I was having dinner with my friend Ned
žad at Neira's, a pleasant kafana with outdoor seating, on the main drag in Kozarac. It was Sunday, September 26, 2021. While we were talking, my brother Roger called at about 9:00 p.m. He called to tell me that our Mom had died that day. It was not a surprise.

I booked a flight back to the US for the next Friday. That left me four days to finish up things in Kozarac, Banja Luka, Tuzla, and Sarajevo. I had to forego visiting Srebrenica.

I used to call Mom (Eleanor was her name) every week. She had driven a car until she was 97. And she had folkdanced up until then, for nearly 60 years. Then she broke her hip, and it was downhill from there. But by the year of her death she couldn't walk anymore, nor could she hear. I would visit with a laptop and write things down for her to read; then she would respond orally.

In her many decades, Mom was a world-class mother, a social worker for a while; then she worked in a city office of services for the elderly, and she finished her working life, after getting a Masters degree, solving traffic problems in New York City. She was an environmentalist, a dancer, a spontaneous and intuitive person (the perfect complement to my father). In her retirement, she went from being an amateur photographer to an award-winning one whose work was displayed in many exhibits.

There are much more eloquent thoughts about my mother
here in this memorial site than what I can write now. But seeing those last years of my mother's life—even though it wasn't that painful, and certainly not dreadful, neither was it particularly joyful.

With Mom gone, now my brothers and I are on the front line facing mortality.

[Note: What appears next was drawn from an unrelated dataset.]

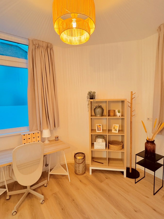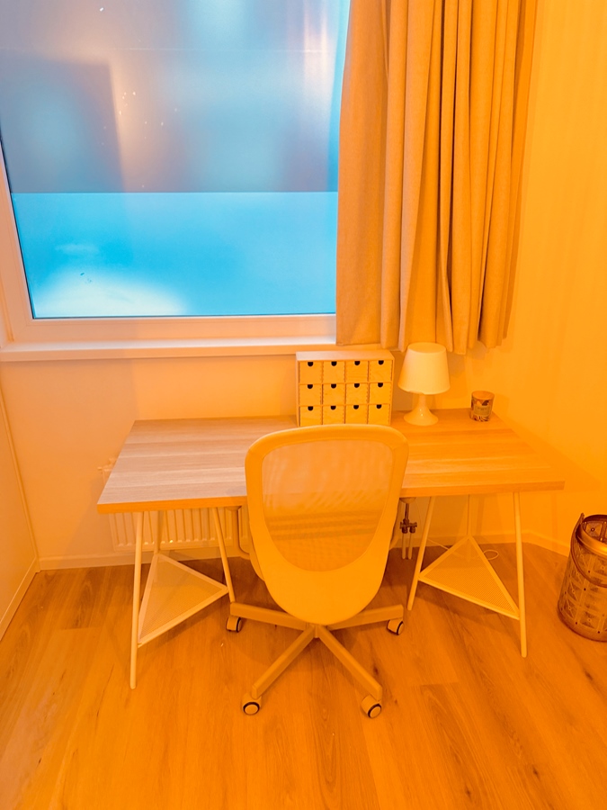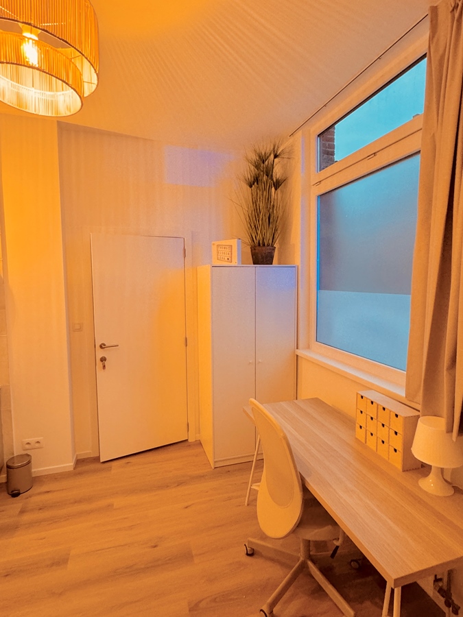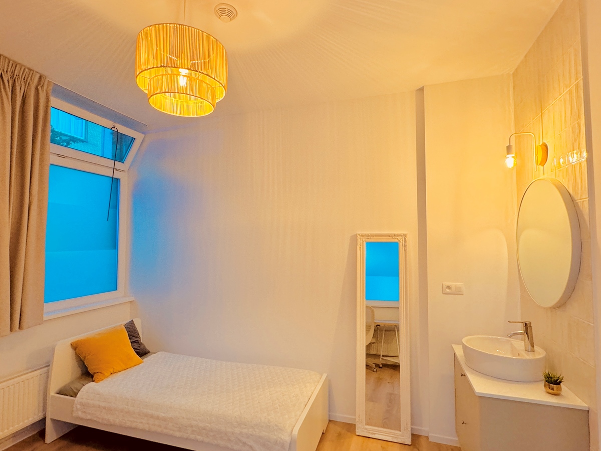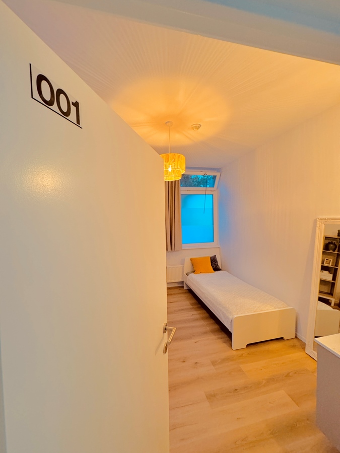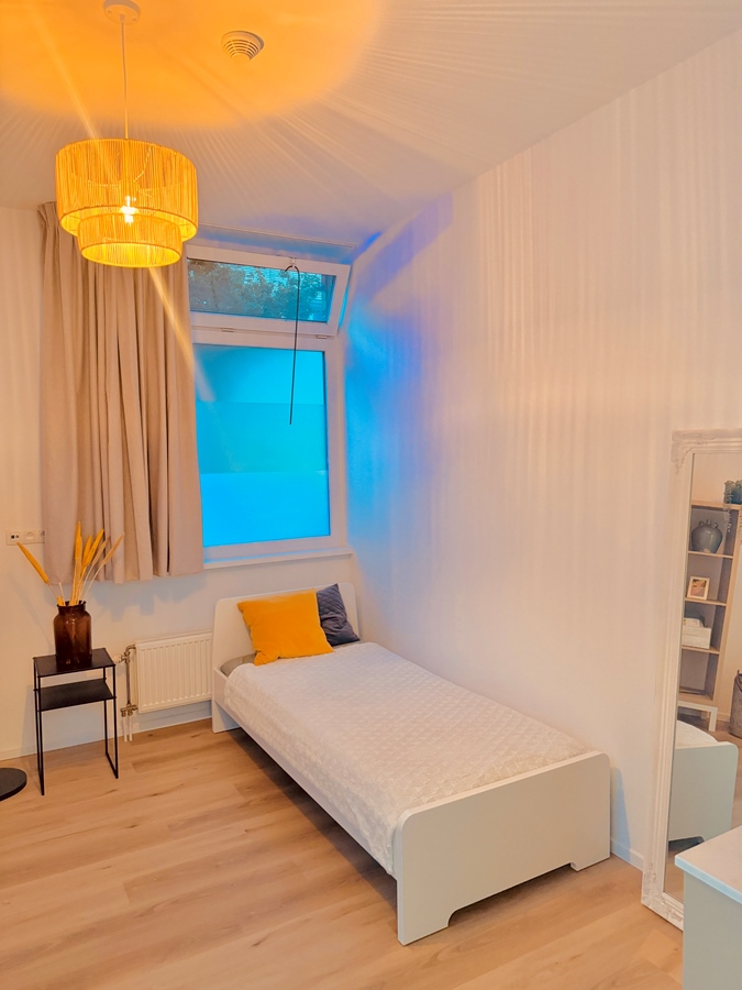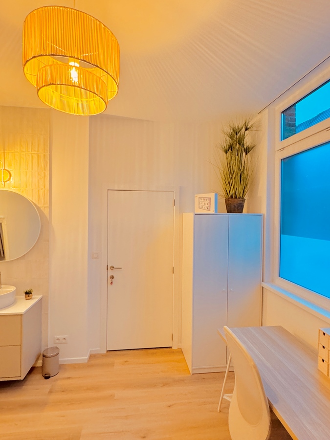 Er zijn veel grote ramen, waardoor het licht naar binnen valt en je kamer een warm gevoel geeft. Uiteraard zijn er ook gordijnen voorzien, deze zijn verduisterend.

I talked about my mother's last years with Kasim. He said, "In our customs, the youngest son would take care of the elderly parents. But before, there were always at least three, maybe four or five people in the family, and spouses, so there was always someone to look after them. Now, it's sad, that there's no one and the biggest problem is that parents are alone here, the children are abroad. They are in America, in Europe, or somewhere else, and they can't just leave, and you can't bring the parents there. And everyone has to work, the man, the wife, kids in school."

The problems of taking care of the elders in their last years in Bosnia are similar to those that we have. We're trapped in the way that we compartmentalize the generations; obviously elder people would be able to edge towards the end of life so much more comfortably and pleasantly if they were able to have their loved ones around them, the way it used to be.

My mother died the day before my father's birthday. Nermina, in Banja Luka, said, that "the death is the birthday of the soul." She also said, "The relationship is still there; it has just changed in waves. It is no longer physical."

I know the relationship is still there. I am still carrying the feelings of my father's death 35 years earlier, and just beginning to process how I feel about the loss of my mother. I told a friend, who happens to be a therapist, "I don't have any fancy words for how I feel. It's just sad."